Many fear the Ordinariate is good news for clergy but not the laity Mary Gough gives an eloquent expression of this secret fear and offers an implicit challenge to enthusiasts for the Ordinariate

I am as far as I know the only Forward in Faith member in my town (population approx 50,000).

The only remaining Anglo-Catholic parish church, where I used to worship, became Evangelical when an incumbent with an ‘ordained’ wife took over in 1995. My nearest Forward in Faith or Resolution C church is about fifteen miles away, so for my week-in, week-out worship I have for the past decade and a half been attending the local Roman Catholic church.

Christian welcome

The RC community has been very understanding of my position and extremely welcoming. They have never tried to persuade me to ‘convert’. The liturgy there is not all I could wish: it’s a bit Low Church; incense is never used at the services I attend, and the servers are allowed to wear trainers with their cassocks. The homilies are often pedestrian and uninspiring. You get the picture: not what I was used to at my Anglo-Catholic church.

There are compensations. Adoration of the Blessed Sacrament every Monday all day; daily Mass; welcoming friendliness from congregation and clergy alike. And above all, the certainty that the Blessed Sacrament is what Jesus said it is.

For many years, I have been making an annual Individually Guided Retreat with the Jesuits at Loyola Hall and St Beuno’s. There, too, I and many others who are not RCs, receive expert spiritual guidance and unfailing courtesy, respect and love. I have much reason to be grateful to the Roman Catholic community. But join them?

A different world

Join an organisation that is run by old men in Rome, men who have no personal knowledge of the circumstances in which the ordinary members of their congregations, especially married people, live?

Join a church which excommunicates people who have been through the trauma of divorce and who have now managed to find happiness ‘the second time round’? Even murderers and paedophiles can repent and be forgiven, but not, apparently, those whose marriages have failed, perhaps through no fault of their own.

Join a church which, through its ban on artificial birth control, condemns poor women in the Third World to bear more children than they can adequately feed, and/or to be exposed to infection with HIV?

Join a church which insists on clerical celibacy, regardless of whether a priest is called to that special vocation? A church which is fast losing members as a result of people’s feelings of shame and disgust as one clerical sexual scandal follows another?

And then what?

Like many Anglicans, I have had enough of the endless wrangling about women priests and bishops. But join a church where it is forbidden even to discuss the matter?

Join a church which refuses to welcome Christians of other denominations to share the Body and Blood of Christ (‘shed for you and for all’, as the priest, with unconscious irony, repeats every time he consecrates)?

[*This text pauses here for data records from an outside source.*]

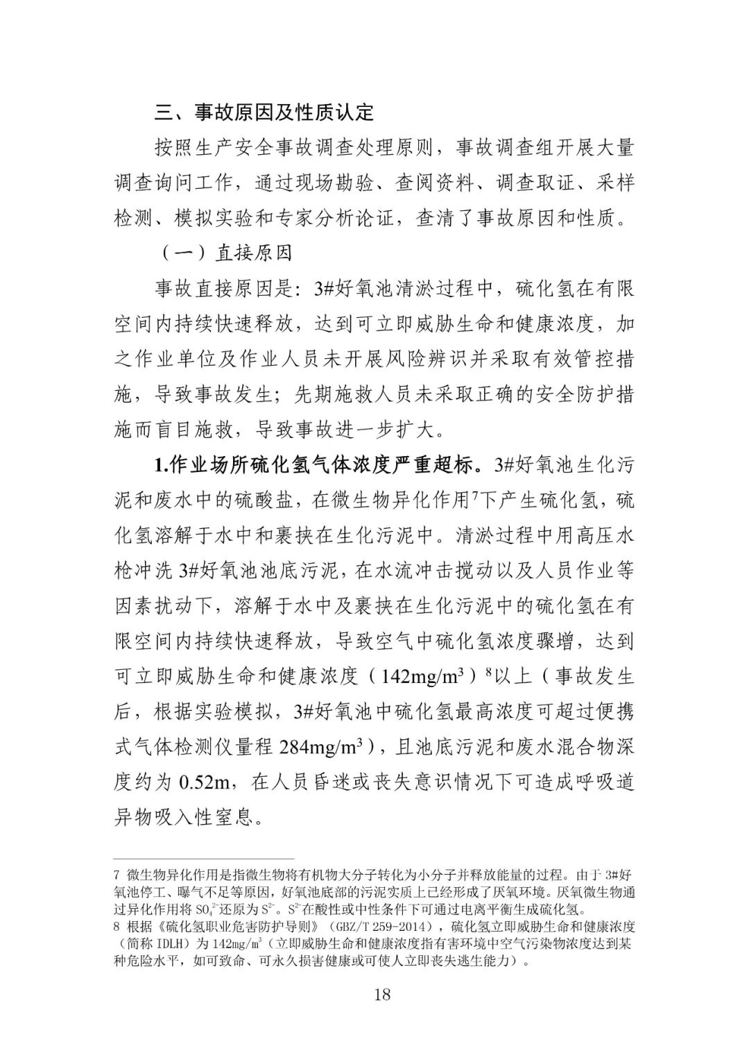 废水处理站的3号好氧池清淤过程中,硫化氢在有限空间内持续快速释放,达到可立即威胁生命和健康浓度,加之作业单位及作业人员未开展风险辨识并未采取有效管控措施,导致事故发生;先期施救人员未采取正确的安全防护措施而盲目施救,导致事故进一步扩大。
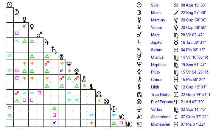 Uranus | 14 Virgo 14 | 23 Taurus 16 | 11 Virgo 47 |
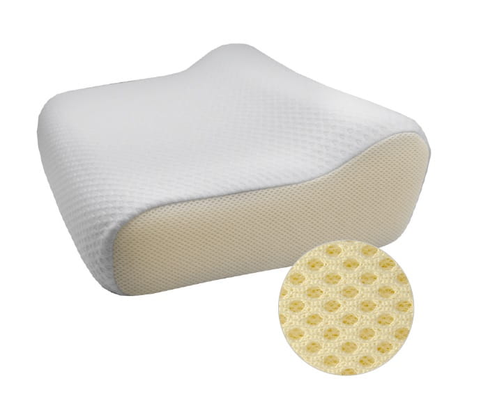 Poduszka ortopedyczna Twin Plus Aero 3D w zestawie z zaprojektowaną w technologii 3D welurową, miękką powłoczką. Siatka, w którą są wyposażone jej boki umożliwia cyrkulacje powietrza zapewniając dłuższe użytkowanie poduszki.
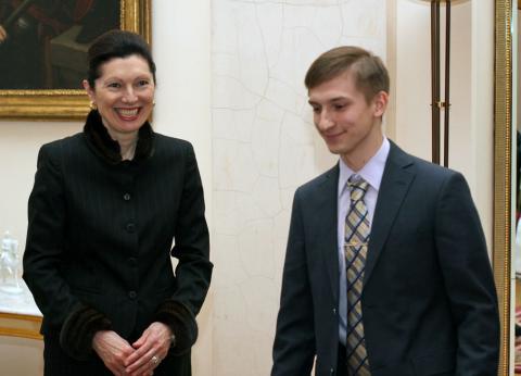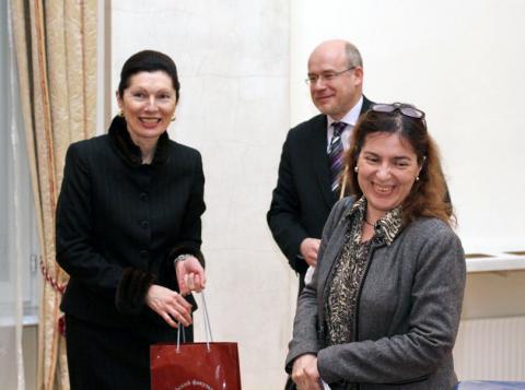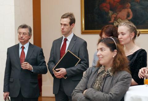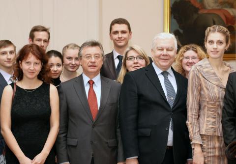 29 января 2013 г. посол Австрии в России доктор Маргот Клестиль-Лёффлер дала прием по случаю успешного завершения курса лекций "Австрия: история, политика, экономика и перспективы в ЕС". Курс лекций читался на немецком языке в осеннем семестре 2012 г. силами лекторов из Австрии в рамках Альпийского Клуба МГУ при поддержке факультета ВМК МГУ и Русско-германского института МГУ. По результатам курса четверо студентов МГУ, набравших наибольшие баллы, получили памятные сувениры об Австрии. Поздравляем студентов и аспирантов МГУ
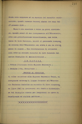 Toussaint Gemma, ex insegnante esterna di francese dell'EDI. Domanda di sussidio
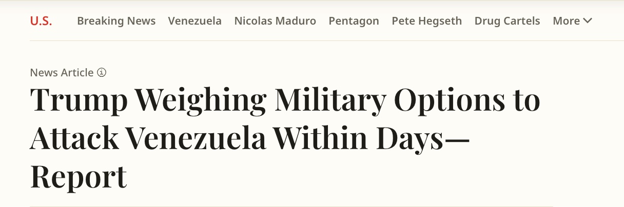 △美國《新聞周刊》報道,特朗普正在權衡于數(shù)日內對委內瑞拉發(fā)起軍事打擊。
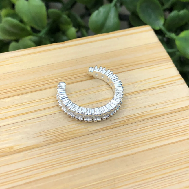 Com brilho e elegância na medida certa, esse piercing fake de argola possui cravação completa em zircônias e detalhes que dão um acabamento refinado à peça. Perfeito para quem quer montar um mix de orelha moderno e estiloso — sem precisar de furo! Uma joia prática, confortável e cheia de charme.
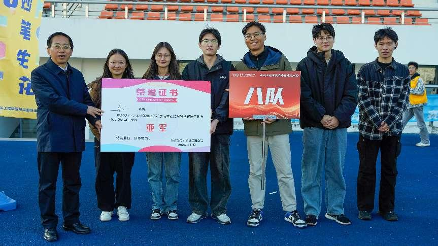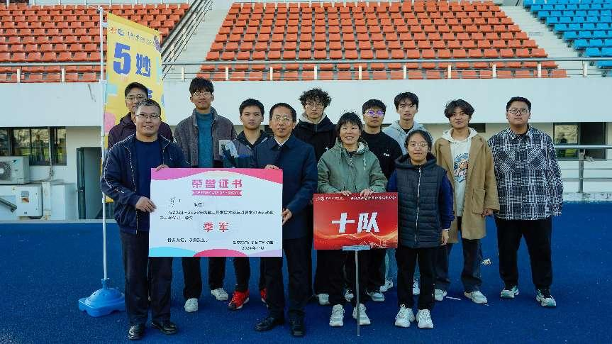 赛事结束后,进行了赛后拉伸,为运动员们提供了放松和恢复的时间。随后,颁奖环节在热烈的掌声中进行,王新厚为获奖团队颁奖,并高度评价了参赛师生的积极参与和出色表现,强调了团队精神和导学情谊的珍贵。
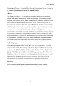 Unmaking the Tricolore: Catherine Flon, Material Testimony and Occluded Narratives of Female-Led Resistance in Haiti and the Haitian Dyaspora.
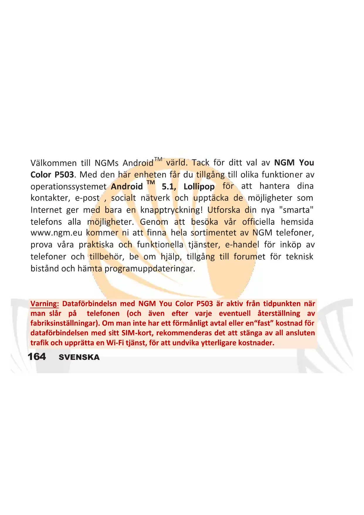 Välkommen till NGMs Android™ värld. Tack für ditt val av NGM You Color P503. Med den har erhoten fär du tillgang till olika functioner av operationssystemet Android™ 5.1, Lollipop für att hantera din kontakter, e-post, socialt natverk och upptäcka de möjligheter som Internet ger med bara en knaptryckning! Utforska dinnya "smarta" Telefona alla möjligheter. Genom att besöka.Var officiella hemsida www.ngm.eu kommt ni att finna hela sortimentet av NGM Telefoner, provavara praktiska och Funktionella tjänster, e-handel for inkop av Telefoner och tillbehör, be om hjälp, tillgang till forumet for teknik biständ och hamta programupppateringar.
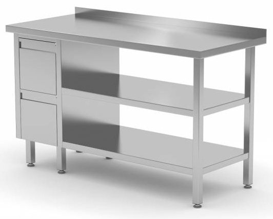 Table de Travail | INOX | 2 Tiroirs | 2x Etagère Basse | Rebord | 800(l)x600(p)mm | Choix de 12 Largeurs
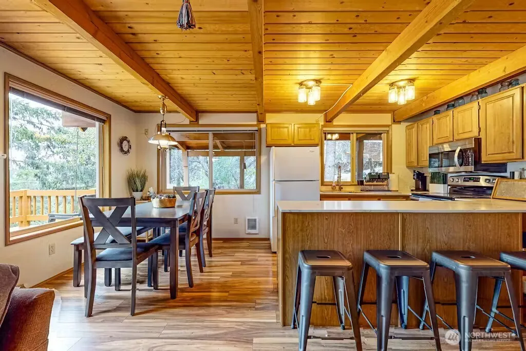 Nestled in the trees, this charming cabin is the perfect retreat from the city. Open floor plan, offering a cozy great room with a wood stove, a welcoming dining area, utility room, 3/4 bath and a main-floor bedroom. Upstairs, you will find a second bedroom and a loft that provides additional sleeping space for family and guests. Step outside to the deck and enjoy peaceful moments in the mountains-ideal for entertaining or unwinding. Enjoy the community clubhouse and outdoor pool, located on the shore of Lake Cle Elum. With snowmobile, ORV, and hiking trails right at your doorstep, outdoor enthusiasts will find endless adventure. In great condition and ready for a new owner, this cabin is the perfect opportunity to own a slice of paradise.
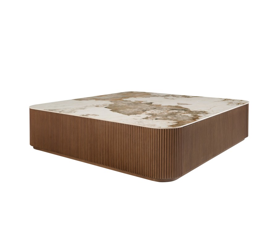 Stolík je vyrobený z dyhovaného dreva v krásnom orechovom hnedom odtieni. Táto farba pôsobí teplým dojmom a skvele sa prepája so zemitými odtieňmi mramorovej kresby. Vrchná doska je vyrobená z porcelánu, ktorý vám poskytuje pevný a ľahko udržiavateľný povrch. Na bielom pozadí sa odvíja kresba kameňa v hnedých a sivých tónoch.
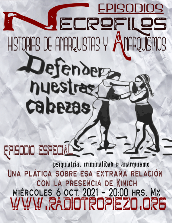 Conversando con Kinich y haciendo saltos entre el pasado y el presente, hablamos de la relación entre los primeros años de la psiquiatría y lxs anarquistas, así como a la visión cientificista del mundo anárquico. PD. La imagen hace alusión a un cartel de Psiquiatrizadxs en Lucha, colectivo contra la […]
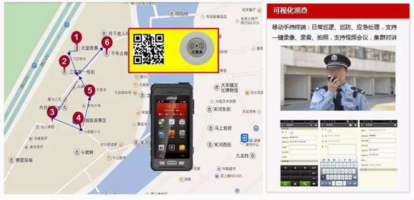 可視化巡更系統(tǒng)基于固定巡更作業(yè)需求,形成“技防+人防”的監(jiān)管模式。利用移動(dòng)手持終端做為巡更器,以二維碼做為巡更點(diǎn),平臺(tái)能定位安保人員巡更點(diǎn)位并繪制巡更軌跡,緊急情況時(shí)可直接與管理中心對(duì)講,錄音錄像實(shí)時(shí)畫面回傳,以便快速的指揮調(diào)度處理。

I am extremely grateful that my local RC parish has welcomed me to be part of its worshipping community. I am on the readers’ rota at Mass, fill a slot in the Adoration schedule, and – sure sign that I belong there – make my financial contributions via the weekly envelope scheme. But join the RC church? I don’t think so.

If, as seems likely, General Synod makes no provision for the likes of me, what am I then to do? Well, by keeping a careful eye on the ordination pedigree of the priests in any Anglican church where I receive the Sacraments, it seems possible that I shall be able, as it were, to pick my way through the mud, and receive valid sacraments until I die or am too old to care. Unsatisfactory, of course, but what other possibility is there?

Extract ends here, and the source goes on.